[Saved data entries]
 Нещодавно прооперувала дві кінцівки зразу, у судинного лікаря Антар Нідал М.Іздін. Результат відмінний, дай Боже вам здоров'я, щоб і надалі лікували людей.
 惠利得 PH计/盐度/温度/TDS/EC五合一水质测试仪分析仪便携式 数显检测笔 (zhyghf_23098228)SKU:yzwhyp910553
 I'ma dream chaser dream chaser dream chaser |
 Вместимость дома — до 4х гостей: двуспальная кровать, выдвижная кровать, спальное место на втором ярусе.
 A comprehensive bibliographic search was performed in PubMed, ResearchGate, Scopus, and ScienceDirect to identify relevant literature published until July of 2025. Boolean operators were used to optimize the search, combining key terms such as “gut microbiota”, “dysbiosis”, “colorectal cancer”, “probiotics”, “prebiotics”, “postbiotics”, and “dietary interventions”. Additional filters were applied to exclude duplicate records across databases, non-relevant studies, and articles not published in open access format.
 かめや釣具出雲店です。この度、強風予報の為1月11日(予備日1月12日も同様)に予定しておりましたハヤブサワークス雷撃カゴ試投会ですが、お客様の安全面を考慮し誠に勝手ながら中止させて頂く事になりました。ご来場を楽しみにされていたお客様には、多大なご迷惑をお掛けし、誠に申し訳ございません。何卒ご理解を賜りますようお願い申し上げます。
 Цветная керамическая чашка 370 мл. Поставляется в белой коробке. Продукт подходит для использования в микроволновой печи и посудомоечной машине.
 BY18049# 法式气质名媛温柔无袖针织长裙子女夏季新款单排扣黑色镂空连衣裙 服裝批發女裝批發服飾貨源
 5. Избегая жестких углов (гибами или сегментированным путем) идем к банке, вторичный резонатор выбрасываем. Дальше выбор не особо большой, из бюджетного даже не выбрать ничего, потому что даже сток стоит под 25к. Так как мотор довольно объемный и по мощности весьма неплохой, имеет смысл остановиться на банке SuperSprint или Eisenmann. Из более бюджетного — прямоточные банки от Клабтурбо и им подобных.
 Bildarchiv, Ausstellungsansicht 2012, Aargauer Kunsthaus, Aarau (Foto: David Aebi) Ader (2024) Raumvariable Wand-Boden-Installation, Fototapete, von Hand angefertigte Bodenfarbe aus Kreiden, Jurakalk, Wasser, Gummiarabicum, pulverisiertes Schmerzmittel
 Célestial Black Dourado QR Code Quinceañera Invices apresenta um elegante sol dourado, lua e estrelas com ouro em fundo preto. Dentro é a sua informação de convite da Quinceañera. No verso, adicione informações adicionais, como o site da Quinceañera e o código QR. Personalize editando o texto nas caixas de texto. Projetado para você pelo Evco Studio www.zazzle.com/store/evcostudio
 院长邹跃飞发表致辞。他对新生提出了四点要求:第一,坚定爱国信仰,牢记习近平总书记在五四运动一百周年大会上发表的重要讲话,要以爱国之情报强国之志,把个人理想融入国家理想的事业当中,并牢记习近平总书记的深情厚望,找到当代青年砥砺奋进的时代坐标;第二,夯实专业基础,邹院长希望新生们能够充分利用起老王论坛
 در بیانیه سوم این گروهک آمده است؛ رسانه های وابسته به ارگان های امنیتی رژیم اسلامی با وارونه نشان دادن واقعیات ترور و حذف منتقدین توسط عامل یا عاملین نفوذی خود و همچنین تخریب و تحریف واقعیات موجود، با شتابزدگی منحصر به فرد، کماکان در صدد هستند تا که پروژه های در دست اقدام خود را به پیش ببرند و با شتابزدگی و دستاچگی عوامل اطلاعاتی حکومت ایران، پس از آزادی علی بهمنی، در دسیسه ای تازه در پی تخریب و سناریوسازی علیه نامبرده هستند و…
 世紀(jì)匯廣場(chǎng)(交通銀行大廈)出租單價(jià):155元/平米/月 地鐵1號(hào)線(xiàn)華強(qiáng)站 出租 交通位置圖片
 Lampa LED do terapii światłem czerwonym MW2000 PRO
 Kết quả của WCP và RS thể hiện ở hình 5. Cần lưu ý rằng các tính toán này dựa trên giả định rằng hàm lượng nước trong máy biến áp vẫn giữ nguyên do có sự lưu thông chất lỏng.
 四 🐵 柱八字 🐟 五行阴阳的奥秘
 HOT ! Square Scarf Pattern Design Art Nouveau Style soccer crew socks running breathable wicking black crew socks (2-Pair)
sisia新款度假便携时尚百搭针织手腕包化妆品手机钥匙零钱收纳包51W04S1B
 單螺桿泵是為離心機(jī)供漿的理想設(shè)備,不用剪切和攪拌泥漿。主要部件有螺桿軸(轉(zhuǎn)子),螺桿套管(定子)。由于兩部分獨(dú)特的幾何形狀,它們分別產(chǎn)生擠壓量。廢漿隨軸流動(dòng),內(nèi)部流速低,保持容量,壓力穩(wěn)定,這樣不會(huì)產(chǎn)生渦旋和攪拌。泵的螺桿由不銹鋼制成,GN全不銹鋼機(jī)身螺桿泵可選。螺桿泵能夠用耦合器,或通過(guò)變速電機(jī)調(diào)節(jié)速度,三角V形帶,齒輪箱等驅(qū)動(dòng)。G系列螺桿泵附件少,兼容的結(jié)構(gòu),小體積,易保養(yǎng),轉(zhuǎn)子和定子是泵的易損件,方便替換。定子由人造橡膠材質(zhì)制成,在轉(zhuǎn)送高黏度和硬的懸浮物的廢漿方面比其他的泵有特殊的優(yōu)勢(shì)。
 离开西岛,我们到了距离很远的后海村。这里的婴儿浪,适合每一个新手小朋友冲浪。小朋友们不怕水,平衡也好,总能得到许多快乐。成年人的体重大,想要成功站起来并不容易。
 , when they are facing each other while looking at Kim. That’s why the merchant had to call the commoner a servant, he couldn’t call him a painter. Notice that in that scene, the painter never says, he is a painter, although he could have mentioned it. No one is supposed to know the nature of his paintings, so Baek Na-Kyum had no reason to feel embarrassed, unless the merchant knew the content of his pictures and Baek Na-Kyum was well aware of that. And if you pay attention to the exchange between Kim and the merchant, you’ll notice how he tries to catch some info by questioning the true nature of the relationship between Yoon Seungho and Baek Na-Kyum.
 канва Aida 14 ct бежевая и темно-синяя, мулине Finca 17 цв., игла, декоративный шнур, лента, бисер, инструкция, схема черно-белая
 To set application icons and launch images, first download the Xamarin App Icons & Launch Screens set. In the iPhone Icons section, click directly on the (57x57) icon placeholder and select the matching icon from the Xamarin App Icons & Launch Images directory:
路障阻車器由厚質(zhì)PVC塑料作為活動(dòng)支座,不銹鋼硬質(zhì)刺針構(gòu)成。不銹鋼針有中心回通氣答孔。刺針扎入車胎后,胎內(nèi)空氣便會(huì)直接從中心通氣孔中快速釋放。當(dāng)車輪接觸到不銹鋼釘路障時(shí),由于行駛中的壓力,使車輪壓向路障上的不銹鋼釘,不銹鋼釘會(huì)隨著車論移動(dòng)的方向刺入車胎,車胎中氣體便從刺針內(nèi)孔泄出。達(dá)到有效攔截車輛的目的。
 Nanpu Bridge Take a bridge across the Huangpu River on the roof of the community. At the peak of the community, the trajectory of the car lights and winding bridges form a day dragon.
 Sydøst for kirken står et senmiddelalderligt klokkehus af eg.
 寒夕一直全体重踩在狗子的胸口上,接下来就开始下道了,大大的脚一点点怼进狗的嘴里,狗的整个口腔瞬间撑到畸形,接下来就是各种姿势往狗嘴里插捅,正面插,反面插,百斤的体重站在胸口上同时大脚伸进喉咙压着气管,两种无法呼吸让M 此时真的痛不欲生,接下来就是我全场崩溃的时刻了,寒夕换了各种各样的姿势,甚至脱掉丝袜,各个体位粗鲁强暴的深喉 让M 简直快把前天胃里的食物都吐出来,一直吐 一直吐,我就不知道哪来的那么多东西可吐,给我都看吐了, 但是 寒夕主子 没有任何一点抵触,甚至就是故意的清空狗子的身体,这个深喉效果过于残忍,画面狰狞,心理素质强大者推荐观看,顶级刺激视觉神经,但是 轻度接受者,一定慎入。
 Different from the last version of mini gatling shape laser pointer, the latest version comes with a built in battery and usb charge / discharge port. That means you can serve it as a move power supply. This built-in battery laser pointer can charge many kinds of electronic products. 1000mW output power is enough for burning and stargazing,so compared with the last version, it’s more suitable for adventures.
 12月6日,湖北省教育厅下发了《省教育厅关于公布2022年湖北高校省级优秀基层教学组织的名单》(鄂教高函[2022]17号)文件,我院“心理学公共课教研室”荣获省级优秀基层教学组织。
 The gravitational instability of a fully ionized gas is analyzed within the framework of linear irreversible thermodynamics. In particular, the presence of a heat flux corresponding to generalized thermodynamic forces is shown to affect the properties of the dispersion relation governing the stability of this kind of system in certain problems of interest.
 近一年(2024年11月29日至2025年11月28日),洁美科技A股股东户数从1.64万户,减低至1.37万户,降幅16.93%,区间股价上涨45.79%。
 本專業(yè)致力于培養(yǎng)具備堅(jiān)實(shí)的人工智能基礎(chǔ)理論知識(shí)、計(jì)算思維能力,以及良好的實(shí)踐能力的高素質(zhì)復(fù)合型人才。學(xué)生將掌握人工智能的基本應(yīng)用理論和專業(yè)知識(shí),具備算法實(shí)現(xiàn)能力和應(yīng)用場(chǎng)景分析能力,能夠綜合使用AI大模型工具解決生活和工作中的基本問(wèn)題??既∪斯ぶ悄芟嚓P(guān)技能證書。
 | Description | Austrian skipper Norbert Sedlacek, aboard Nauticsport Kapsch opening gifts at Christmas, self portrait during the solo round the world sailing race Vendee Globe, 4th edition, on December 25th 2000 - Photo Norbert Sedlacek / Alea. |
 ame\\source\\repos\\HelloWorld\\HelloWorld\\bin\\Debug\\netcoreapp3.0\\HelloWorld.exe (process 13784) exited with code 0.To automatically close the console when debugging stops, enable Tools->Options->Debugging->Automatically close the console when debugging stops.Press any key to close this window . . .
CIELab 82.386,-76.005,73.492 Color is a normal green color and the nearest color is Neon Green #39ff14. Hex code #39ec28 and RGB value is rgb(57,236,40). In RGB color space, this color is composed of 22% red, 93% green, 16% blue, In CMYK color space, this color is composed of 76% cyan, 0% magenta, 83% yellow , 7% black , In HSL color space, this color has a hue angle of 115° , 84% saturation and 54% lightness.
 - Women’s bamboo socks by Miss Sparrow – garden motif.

=== TO DO ===
Your task is to repeat the records exactly. Begin at their first line and stop after the line containing "Вместимость дома —".

=== ANSWER TO THIS TASK ===
 Нещодавно прооперувала дві кінцівки зразу, у судинного лікаря Антар Нідал М.Іздін. Результат відмінний, дай Боже вам здоров'я, щоб і надалі лікували людей.
 惠利得 PH计/盐度/温度/TDS/EC五合一水质测试仪分析仪便携式 数显检测笔 (zhyghf_23098228)SKU:yzwhyp910553
 I'ma dream chaser dream chaser dream chaser |
 Вместимость дома — до 4х гостей: двуспальная кровать, выдвижная кровать, спальное место на втором ярусе.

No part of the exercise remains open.